PostPosted: Wed Apr 27 17:04:46 CDT 2005 Top

SQL Server Developer >> CASE vs. JOIN lookups performance difference?
> Dear colleagues,
>
> I have encountered an incredible difference in timings of the
> following 2 statements:
>
> a) SELECT col1, col2, col3,
> CASE number
> WHEN 1 then 'one'
> WHEN 2 then 'two'
> ...
> WHEN 10 then 'ten'
> END as number_verbatim
> FROM table1
>
> b) SELECT table1.col1, table1.col2, table1.col3,
> lookup_table.number_verbatim
> FROM table1
> JOIN lookup_table
> on table1.number = lookup_table.number_int
>
> (where lookup_table consists of 10 rows:
>
> number_int number_verbatim
> ---------- -------------------
> 1 one
> 2 two
> ...
> 10 ten
> )
>
> It turns out that variant (a) runs at least 25% (in reality, 25
> seconds out of total 90) faster than (b). Any idea why (I was hoping
> SQL optimizer is smart enough to handle such tiny lookup tables by
> caching them at once, or even maybe turning them into CASE-like
> statements on its own) and how to fix that? I wish I could use (a) in
> the product, but there exist a 0.001% possibility that eventually
> we'll need to add "eleven", and thus I can't . :(
>
> I was pondering dynamically generating an UDF containing the
> aforementioned CASE statememnt, but, unsurprisingly, the SELECT
> statement utilizing that UDF turned out 150% slower.
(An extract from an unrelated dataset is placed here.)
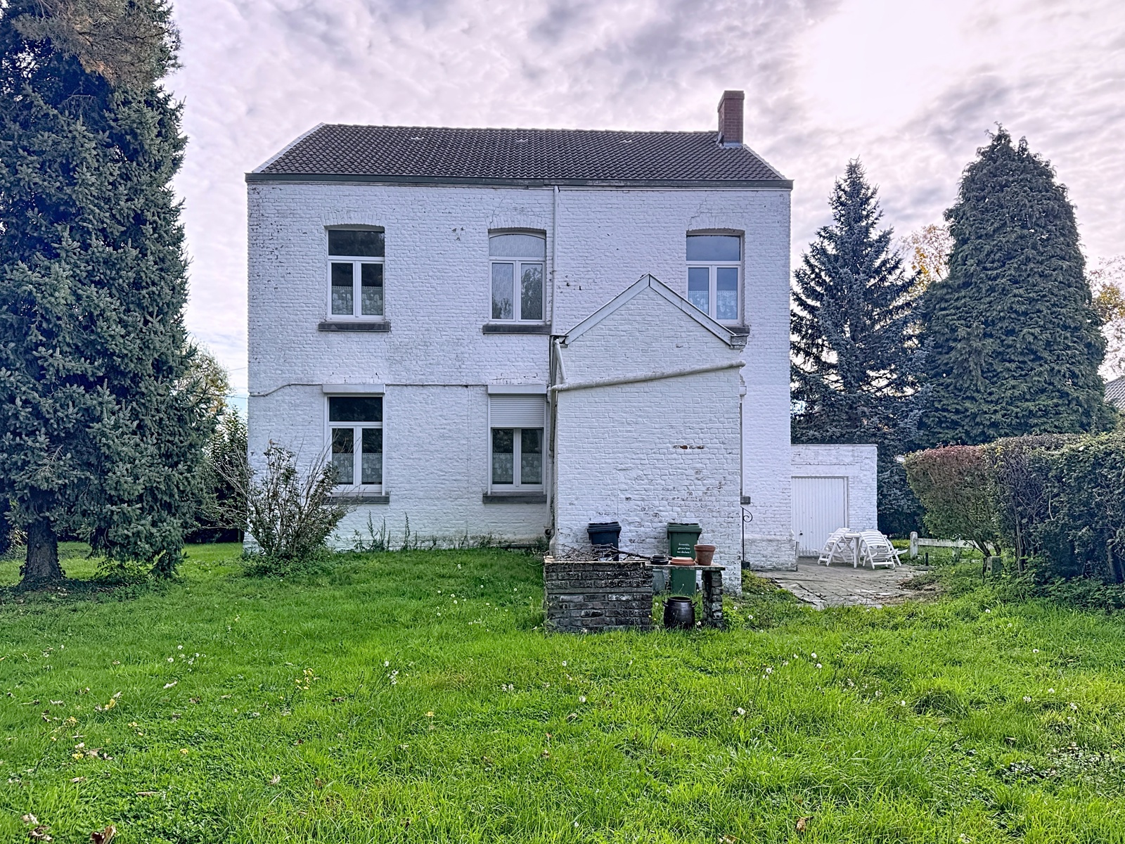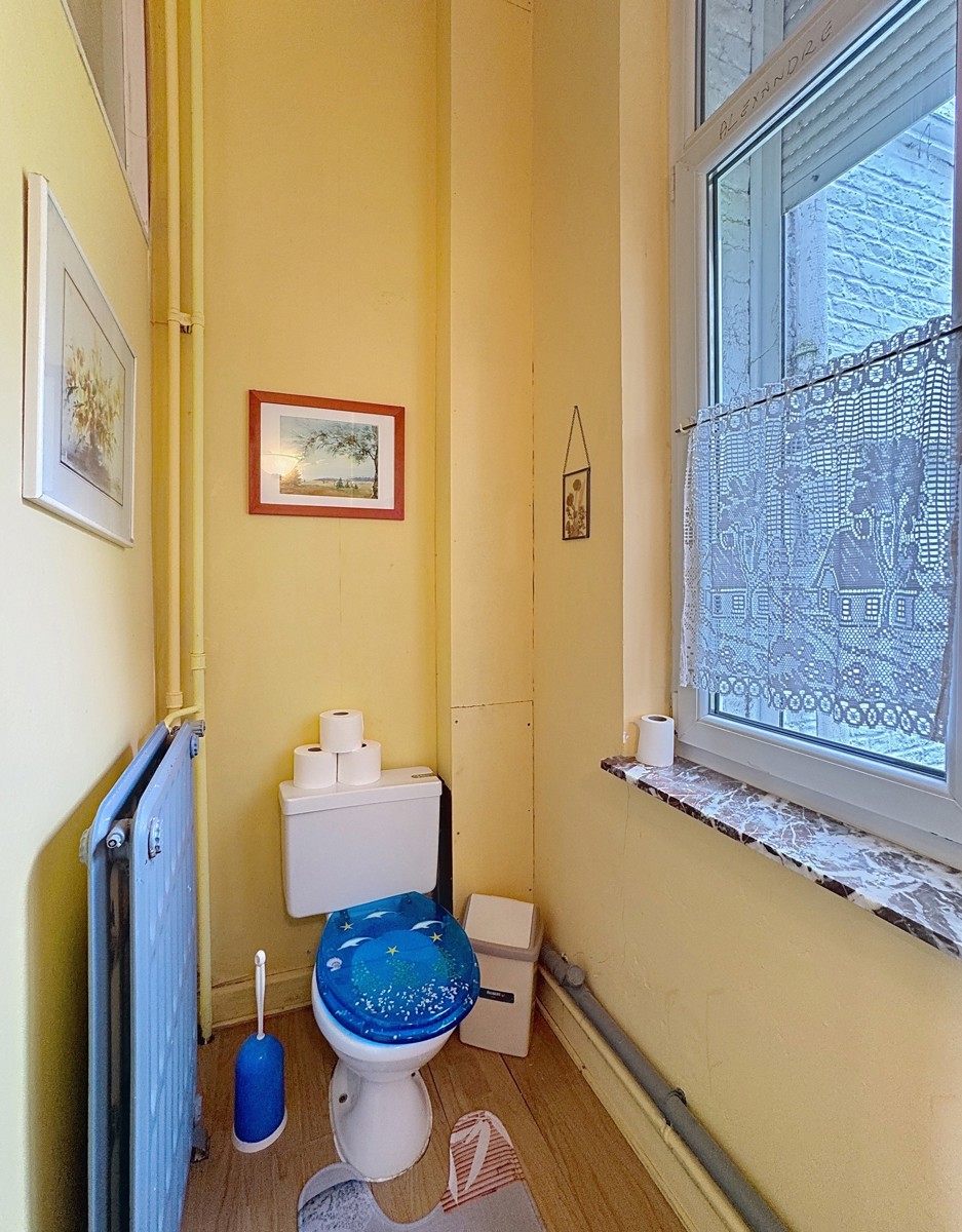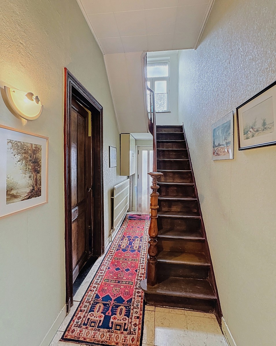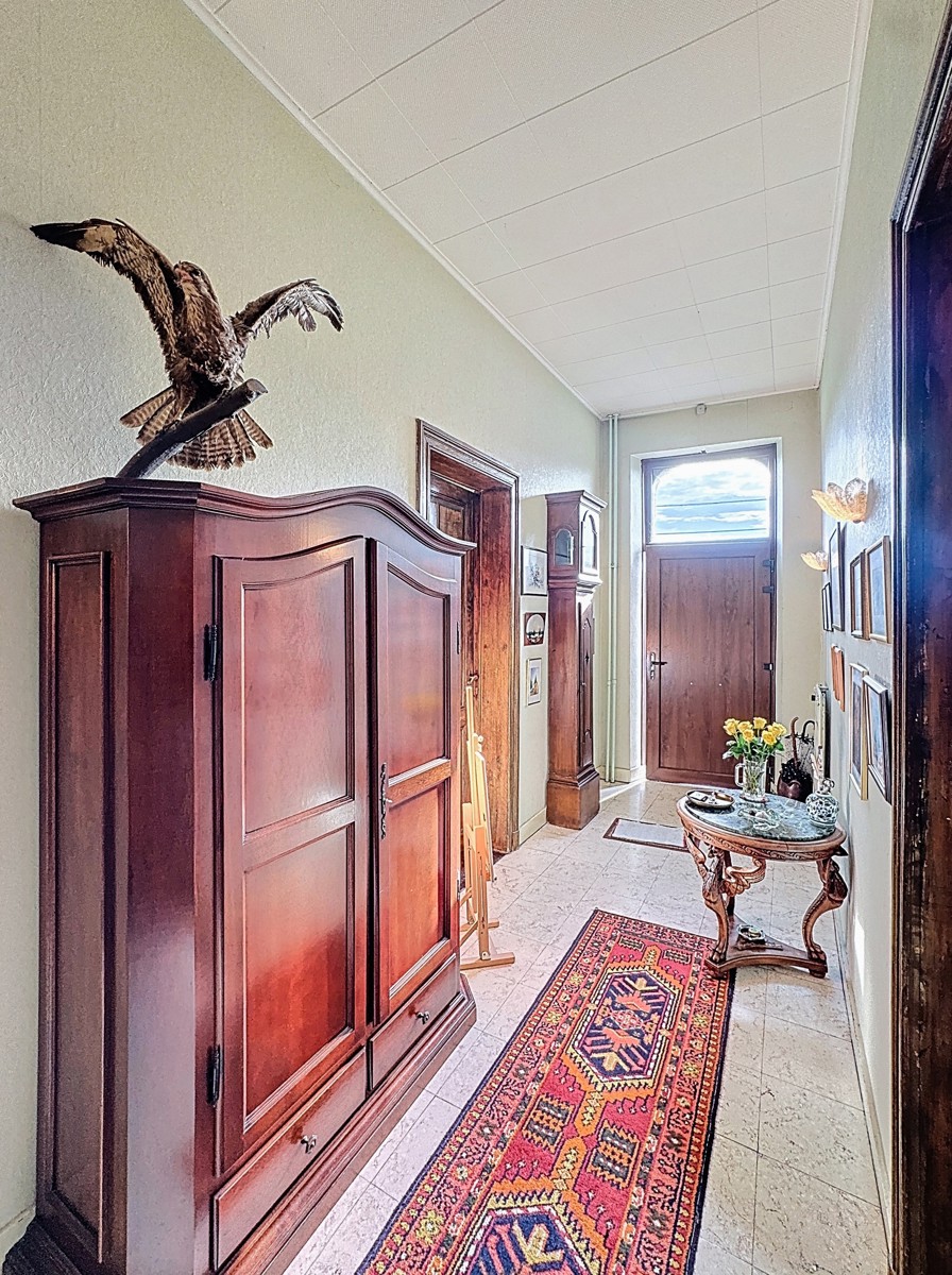 Située au centre d’Awans, à deux pas des commodités, maison de caractère 4 façades érigée début du siècle dernier. D’une superficie habitable de 245 m², elle offre un large choix d’aménagements. Cette dernière est composée comme suit : Rez (hauteur sous plafond 3,35 m) : hall d’entrée, salon/salle à manger 41 m² (cassette à bois), cuisine semi-équipée 10 m², buanderie/WC séparé, chambre 14 m² et bureau à l’entrée (17 m²). Possibilité de créer une profession libérale ou de cumuler vie privée et professionnelle ! À l’étage (structure plancher d’origine) : hall de nuit, 4 chambres (de 14 à 20 m²), bureau ou débarras 6 m², salle de bains 10 m² (WC, baignoire, vasque). En sous-toiture (non isolée) : 70 m² de grenier à aménager selon vos envies ! Garage avec double accès (pour un véhicule, volet électrique). Sous-sol : 2 vastes caves saines. À l’extérieur : terrasse de 55 m², jardin tout autour de la bâtisse (1.400 m², possibilité de subdiviser la parcelle en 2 ou en 3). Toiture en bon état (tuiles), chauffage central au mazout, installation électrique non conforme (bi-horaire), châssis S.V. bois avant / D.V. PVC à l’arrière (+ volets), boiler récent, raccordement à l’égout. Largeur façade de la maison 14 m, largeur terrain de gauche 13 m, largeur terrain de droite 12 m. Idéale également famille nombreuse, maison de type kangourou ou colocation! PEB indice G. Libre à l’acte. 04/246.33.46 - 0477/64.69.38 (Angelo Ponente). Informations non contractuelles et données à titre indicatif.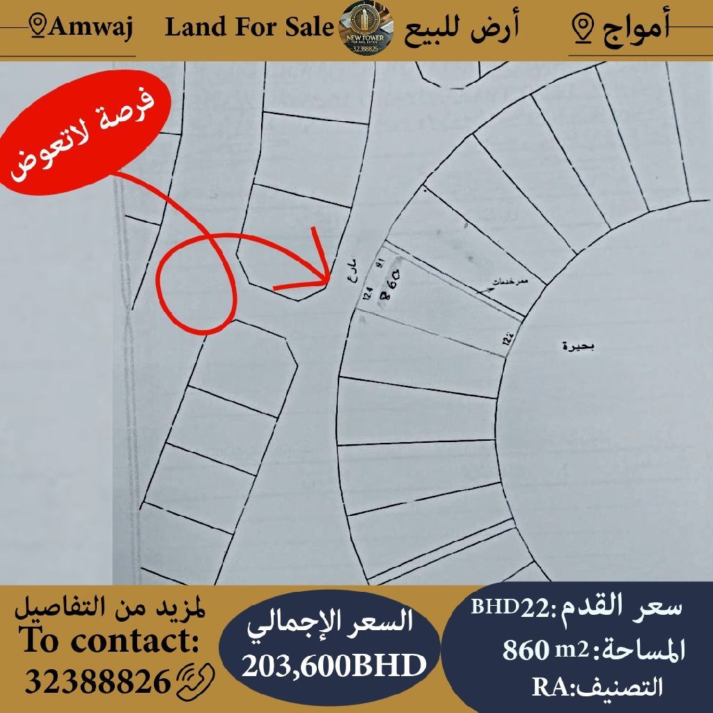 For sale, a land in Amwaj with an excellent location overlooking the lake, on a street and a passage. The area is 860 square meters, classified as residential RA. The price per square foot is 22 Bahraini dinars, and the total price is 203,600 Bahraini dinars. For contact, New Tower Real Estate Office.

UDFs are slow. Joins are the way to go. With proper indexing, peformance
should be fine. There's no reason to compare it to a hard-coded CASE
statement since they are apples and oranges. Do you have the proper
indexing in place in the smaller table?

--
David Gugick
Imceda Software
www.imceda.com

 
 
Tom





PostPosted: Wed Apr 27 17:05:13 CDT 2005 Top

SQL Server Developer >> CASE vs. JOIN lookups performance difference? Not unexpected. In the first case, only one table is involved and there is
no correlation to do. In the second, you have to correlate the two tables.
You could experiment by placing an index on table1(number) as well as
table1(number, col1, col2, col3) and retry. I assume you have a primary key
constraint on lookup_table(number_int). Also, is table1.number an int or is
it some other datatype?

--
Tom

----------------------------------------------------
Thomas A. Moreau, BSc, PhD, MCSE, MCDBA
SQL Server MVP
Columnist, SQL Server Professional
Toronto, ON Canada
www.pinpub.com
.


Dear colleagues,

I have encountered an incredible difference in timings of the following
2 statements:

a) SELECT col1, col2, col3,
CASE number
WHEN 1 then 'one'
WHEN 2 then 'two'
...
WHEN 10 then 'ten'
END as number_verbatim
FROM table1

b) SELECT table1.col1, table1.col2, table1.col3,
lookup_table.number_verbatim
FROM table1
JOIN lookup_table
on table1.number = lookup_table.number_int

(where lookup_table consists of 10 rows:

number_int number_verbatim
---------- -------------------
1 one
2 two
...
10 ten
)

It turns out that variant (a) runs at least 25% (in reality, 25 seconds
out of total 90) faster than (b). Any idea why (I was hoping SQL
optimizer is smart enough to handle such tiny lookup tables by caching
them at once, or even maybe turning them into CASE-like statements on
its own) and how to fix that? I wish I could use (a) in the product,
but there exist a 0.001% possibility that eventually we'll need to add
"eleven", and thus I can't . :(

I was pondering dynamically generating an UDF containing the
aforementioned CASE statememnt, but, unsurprisingly, the SELECT
statement utilizing that UDF turned out 150% slower.

 
 
WeshaTheLeopard





PostPosted: Wed Apr 27 17:30:03 CDT 2005 Top

SQL Server Developer >> CASE vs. JOIN lookups performance difference? > Joins are the way to go.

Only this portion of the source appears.